• _Problem details_
In the listing below, the lines starting at the line with "從現場照片和視頻中可以看到,成龍頭髮和鬍" and ending at the line with "Piana degli Albanesi has" are to be output verbatim. Images stay out of the copy.

*** Opening Excerpted data ***

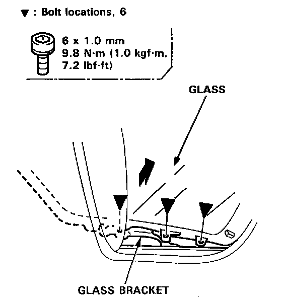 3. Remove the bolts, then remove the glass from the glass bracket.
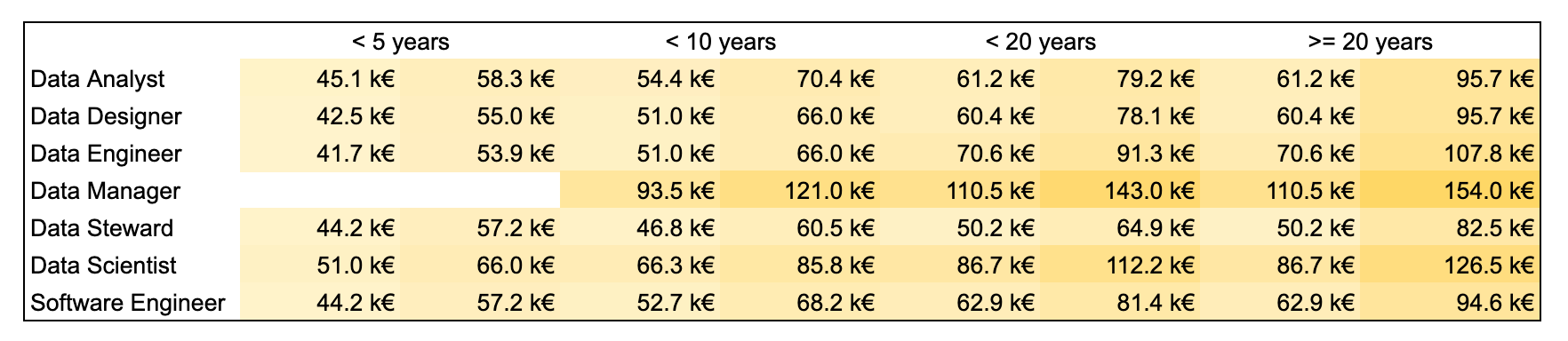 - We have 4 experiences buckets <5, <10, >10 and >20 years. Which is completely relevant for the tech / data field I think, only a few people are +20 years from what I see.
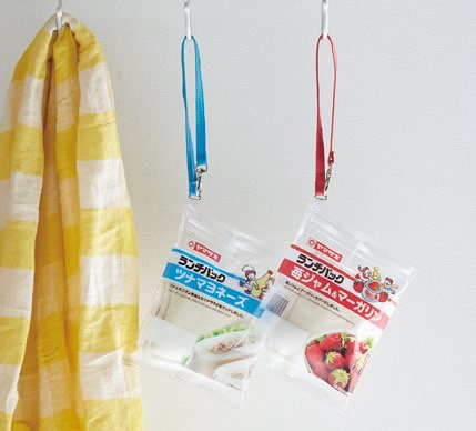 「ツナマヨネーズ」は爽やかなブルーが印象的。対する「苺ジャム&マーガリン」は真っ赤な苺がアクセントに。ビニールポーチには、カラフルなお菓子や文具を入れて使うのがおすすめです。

*** Closing Excerpted data ***
*** Opening Excerpted data ***

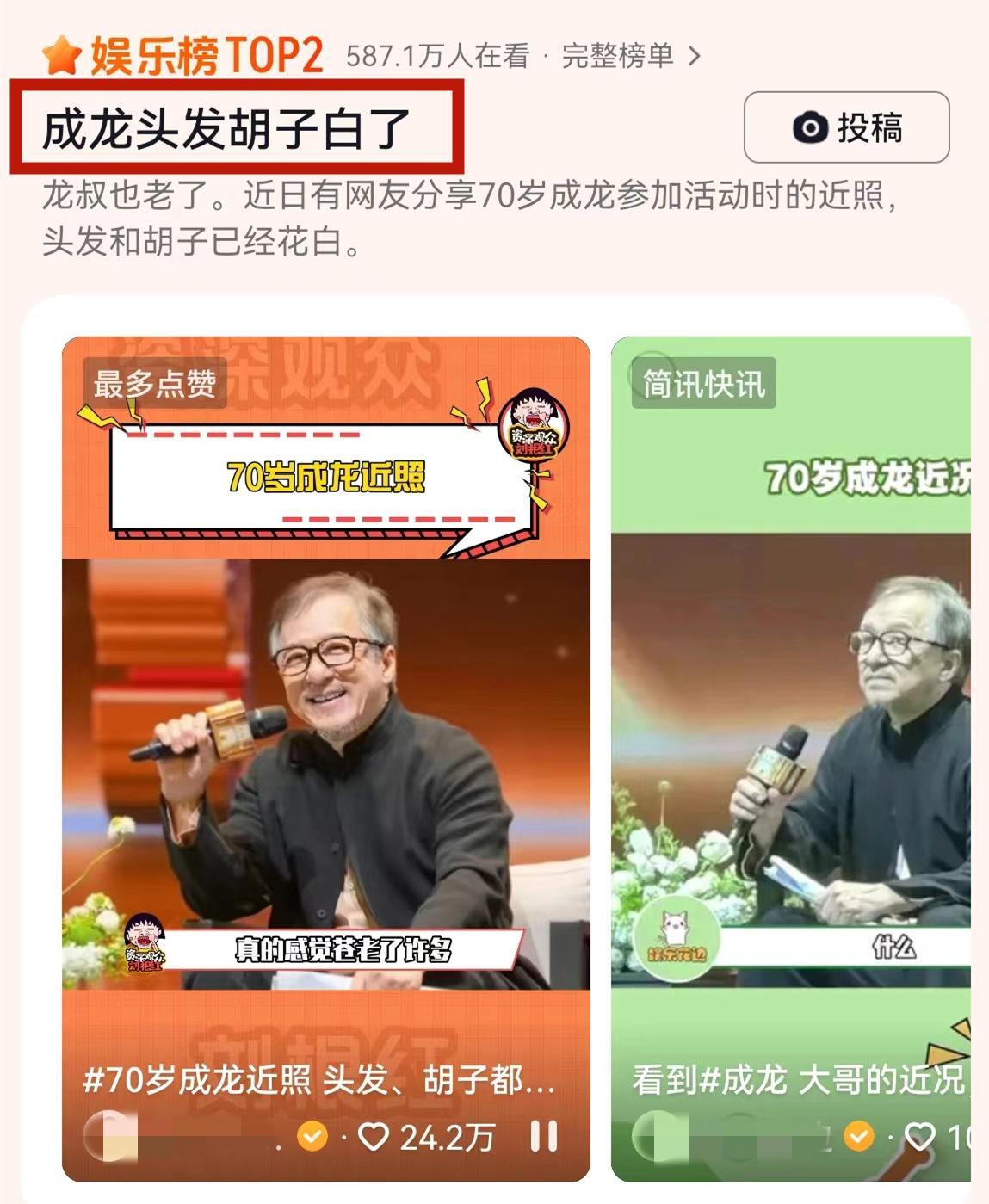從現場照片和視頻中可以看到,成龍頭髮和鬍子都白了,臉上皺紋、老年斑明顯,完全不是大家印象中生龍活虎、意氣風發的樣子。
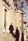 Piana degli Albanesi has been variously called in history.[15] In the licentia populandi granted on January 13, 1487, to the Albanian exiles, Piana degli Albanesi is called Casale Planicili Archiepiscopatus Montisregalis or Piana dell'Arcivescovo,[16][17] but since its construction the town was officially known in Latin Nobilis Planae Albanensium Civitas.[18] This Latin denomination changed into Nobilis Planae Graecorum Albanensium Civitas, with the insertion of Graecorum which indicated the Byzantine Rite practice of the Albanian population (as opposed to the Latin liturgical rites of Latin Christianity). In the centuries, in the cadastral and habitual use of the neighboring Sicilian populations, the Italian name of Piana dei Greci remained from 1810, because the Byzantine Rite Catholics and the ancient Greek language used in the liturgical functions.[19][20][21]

*** Closing Excerpted data ***

• _Answer section_
從現場照片和視頻中可以看到,成龍頭髮和鬍子都白了,臉上皺紋、老年斑明顯,完全不是大家印象中生龍活虎、意氣風發的樣子。
 Piana degli Albanesi has been variously called in history.[15] In the licentia populandi granted on January 13, 1487, to the Albanian exiles, Piana degli Albanesi is called Casale Planicili Archiepiscopatus Montisregalis or Piana dell'Arcivescovo,[16][17] but since its construction the town was officially known in Latin Nobilis Planae Albanensium Civitas.[18] This Latin denomination changed into Nobilis Planae Graecorum Albanensium Civitas, with the insertion of Graecorum which indicated the Byzantine Rite practice of the Albanian population (as opposed to the Latin liturgical rites of Latin Christianity). In the centuries, in the cadastral and habitual use of the neighboring Sicilian populations, the Italian name of Piana dei Greci remained from 1810, because the Byzantine Rite Catholics and the ancient Greek language used in the liturgical functions.[19][20][21]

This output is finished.